Days carry their own texture, clinging to forms of rage or reluctance like canvas draping marble, and we run our hands along the weave to know it, but not how it came to be. These days are addled with simmering resentment calcifying into violence against our neighbor. Furtive glances at the convenience store, the reeking cauldron of online town message boards, an epidemic of mistrust; reality itself the heavy shroud.
If we cannot trust our neighbor and we cannot trust our own faculties with the burden of truth, what ruthless animal crawls forth? What primal tribal instinct obscures civility in favor of survival? If we believe one another the enemy while the world unravels around us, eroding the merits of goodness, of neighborliness, what remains other than fear? Fear, which primes us for the elimination of virtue. Fear, which deprives us of hope. Fear, that thread which, when dragged through our assumptions and intents, leaves nothing but a frayed heap of regret.

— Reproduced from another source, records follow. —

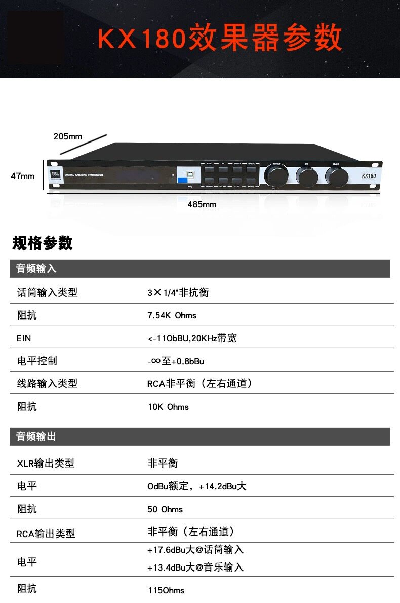 JBL KX180 karaoke pre-effector KTV conference professional anti-howling karaoke digital audio processor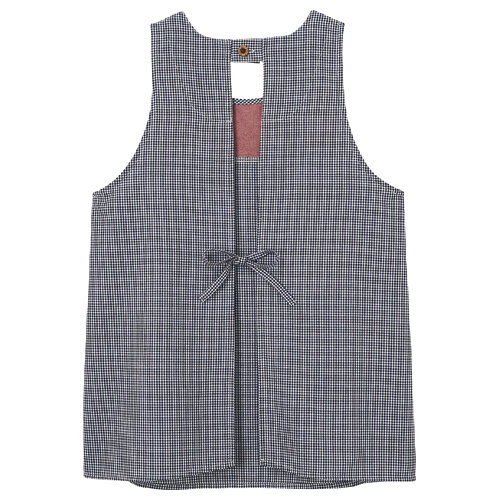 清涼感のある生地のエプロン。動物のアップリケ刺繍がポイント。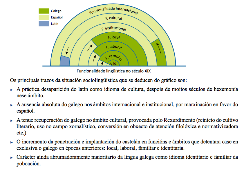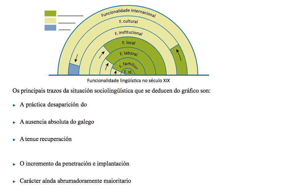 2. Comentade a funcionalidade lingüística do galego nesta altura -representada no seguinte gráfico. Considerade, para iso, os feitos expostos no tema. [Pódese empregar este apoio centrado no XVIII]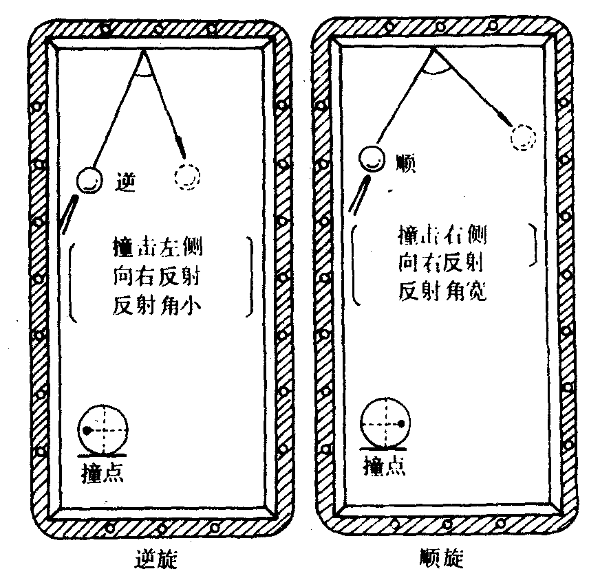 | 释义 | 旋转球杆法台球击球的一种方法。是用撞点为左侧或右侧的杆法击球,若撞击本球的右侧,则在向右旋的同时还向前行进,若撞击本球的左侧,则在向左旋的同时还向前行进,打旋转球的意图是使球产生侧旋力,也称侧旋球。侧旋球有顺旋和逆旋之分,使本球向右分离并反射,是撞击本球的右侧造成的顺旋。使本球向左分离并反射,是撞击本球的左侧造成的逆旋。(图2—3—41)采用顺旋或逆旋杆法,碰岸后会出现侧旋的变化。顺旋碰岸后,球的反射角会增大,逆旋碰岸后,球的反射角会缩小。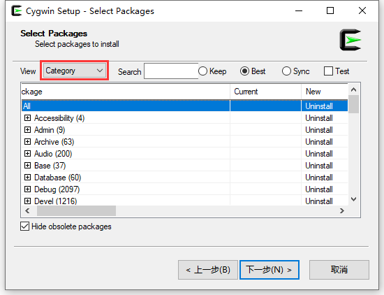 9、决定下载最新版本的安装包:http://www.cygwin.com/setup-x86_64.exe 。然后再次重复上述步骤。最新版本的安装包,未再报错。成功进入 Select Packages 界面。如图9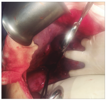 El paciente se intervino de forma urgente. Se evidenció una herniación de la anastomosis ileocólica previa con signos de sufrimiento. Se le realizó una laparotomía exploradora con la reparación del orificio mediante una sutura discontinua reabsorbible (Figura 3). El paciente fue dado de alta al quinto día postoperatorio sin incidencias y se encuentra en seguimiento en la actualidad.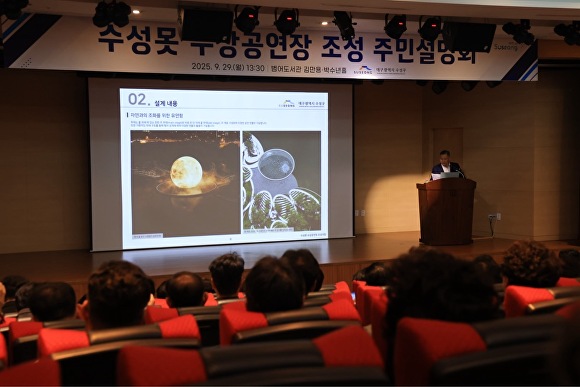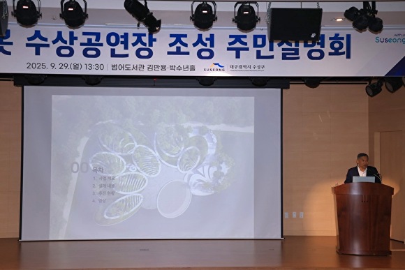 [아이뉴스24 이창재 기자] 대구 수성구(구청장 김대권)는 29일 범어도서관 김만용·박수년홀에서 ‘수성못 수상공연장 조성 주민설명회’를 열고 사업 추진 현황과 향후 계획을 공유했다.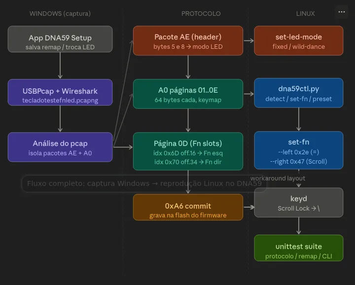 Na parte 1, descobri que as teclas Fn do DNA59 não existem do ponto de vista do sistema, elas são tratadas inteiramente dentro do firmware, sem gerar nenhum evento HID. Isso tornava qualquer tentativa de remap no Linux impossível sem conhecer o payload exato que o app oficial envia ao dispositivo.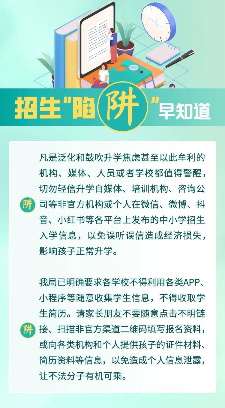 市教育局已明确要求各学校不得利用各类App、小程序等随意收集学生信息,不得收取学生简历。请家长朋友不要随意点击不明链接、扫描非官方渠道二维码填写报名资料,或向各类机构和个人提供孩子的证件材料、简历资料等信息,以免造成个人信息泄露,让不法分子有机可乘。
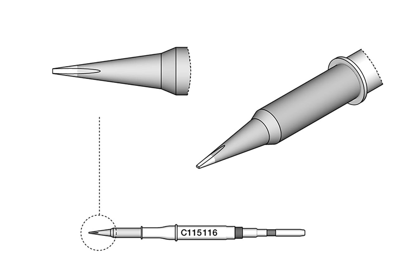 Die Lötspitzen der Serie C115 eignen sich zum Löten und Reparieren sehr kleiner Bauteile. Diese sind kompatibel mit NT115-A, NP115-A und AN115-A Nano Löthandstücken.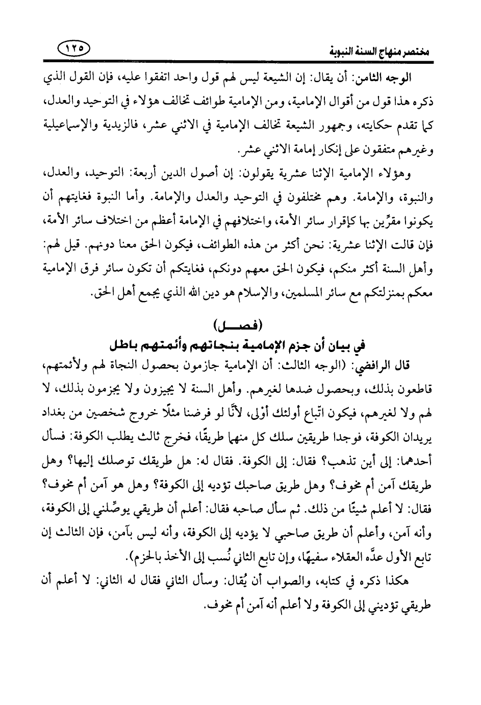 فَتَبَيَّنَ أَنَّهُ إِنْ كَانَتْ حُجَّةُ هَؤُلَاءِ الْمُنْتَسِبِينَ إلى مشايعة علي ّ - رَضِيَ اللَّهُ عَنْهُ - صَحِيحَةً، فَحُجَّةُ أُولَئِكَ الْمُنْتَسِبِينَ إِلَى مُشَايَعَةِ عُثْمَانَ - رَضِيَ اللَّهُ عَنْهُ - أوْلى بِالصِّحَّةِ، وَإِنْ كَانَتْ بَاطِلَةً فَهَذِهِ أَبْطَلُ مِنْهَا. فَإِذَا كَانَ هَؤُلَاءِ الشِّيعَةُ مُتَّفِقِينَ مَعَ سَائِرِ أَهْلِ السُّنَّةِ عَلَى أَنَّ جَزْمَ أُولَئِكَ بِنَجَاتِهِمْ إِذَا أَطَاعُوا أُولَئِكَ الْأَئِمَّةَ طَاعَةً مُطْلَقَةً خَطَأٌ وَضَلَالٌ، فَخَطَأُ هَؤُلَاءِ وَضَلَالُهُمْ إِذَا جَزَمُوا بِنَجَاتِهِمْ لِطَاعَتِهِمْ لِمَنْ يَدَّعِي أَنَّهُ نَائِبُ الْمَعْصُومِ - وَالْمَعْصُومُ لَا عَيْنَ لَهُ وَلَا أَثَرَ - أَعْظَمُ وَأَعْظَمُ؛ فَإِنَّ الشِّيعَةَ لَيْسَ لَهُمْ أَئِمَّةٌ يُبَاشِرُونَهُمْ بِالْخِطَابِ، إِلَّا شُيُوخَهُمُ الَّذِينَ يَأْكُلُونَ أَمْوَالَهُمْ بِالْبَاطِلِ، وَيَصُدُّونَهُمْ عَنْ سَبِيلِ اللَّهِ.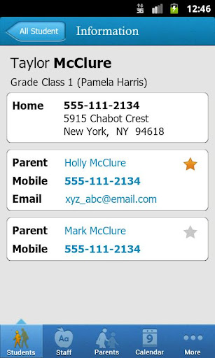 App users can access their school directory information for students, faculty, and parents, as well as parent-teacher association information and the school calendar – and the information displayed is always the most current and up-to-date. Users can call, text or email individual members of the school community from within the app. Users can also sync school Calendar events with their Google Calendar, and create in-app favorites.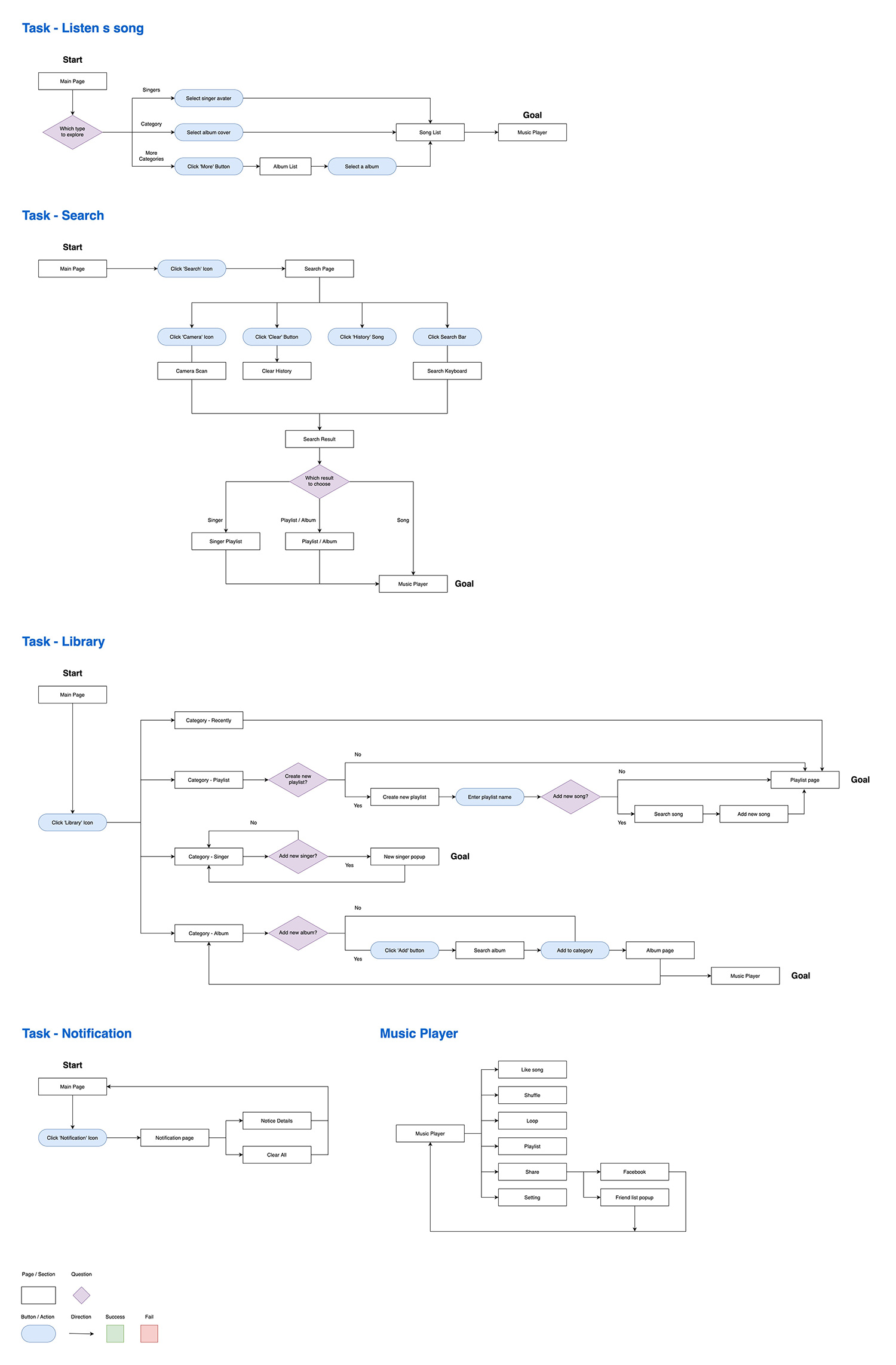 The task flow detail the various decisions the users make as they navigate the app based on the scenarios, and straightforward flows of the users as they would navigate the app in order to satisfy the tasks and scenarios.

I recall the pivotal moment in East of Eden when Lee discloses his long held revelation regarding the various translations of the Hebrew word “timshel”. “I’ve wanted to tell you this for a long time. I even anticipated your questions and I am well prepared. Any writing which has influenced the thinking and the lives of innumerable people is important. Now, there are many millions in their sects and churches who feel the order, ‘Do thou,’ and throw their weight into obedience. And there are millions more who feel predestination in ‘Thou shalt.’ Nothing they may do can interfere with what will be. But ‘Thou mayest’! Why, that makes a man great, that gives him stature with the gods, for in his weakness and his filth and his murder of his brother he has still the great choice. He can choose his course and fight it through and win.”
This stuck with me through the years. As Steinbeck masterfully threaded this conversation it feels revelatory of our agency as we are reduced to our basest selves in this turbulence. We have a choice. Fear does not deprive us of hope without permission. There is no “you must” or “you will”, there is only “you may”. With conviction, we may abate the existential dread that permeates our culture and braces our battle lines; we may choose unity over brutality, the evanescent truth over certain devastation.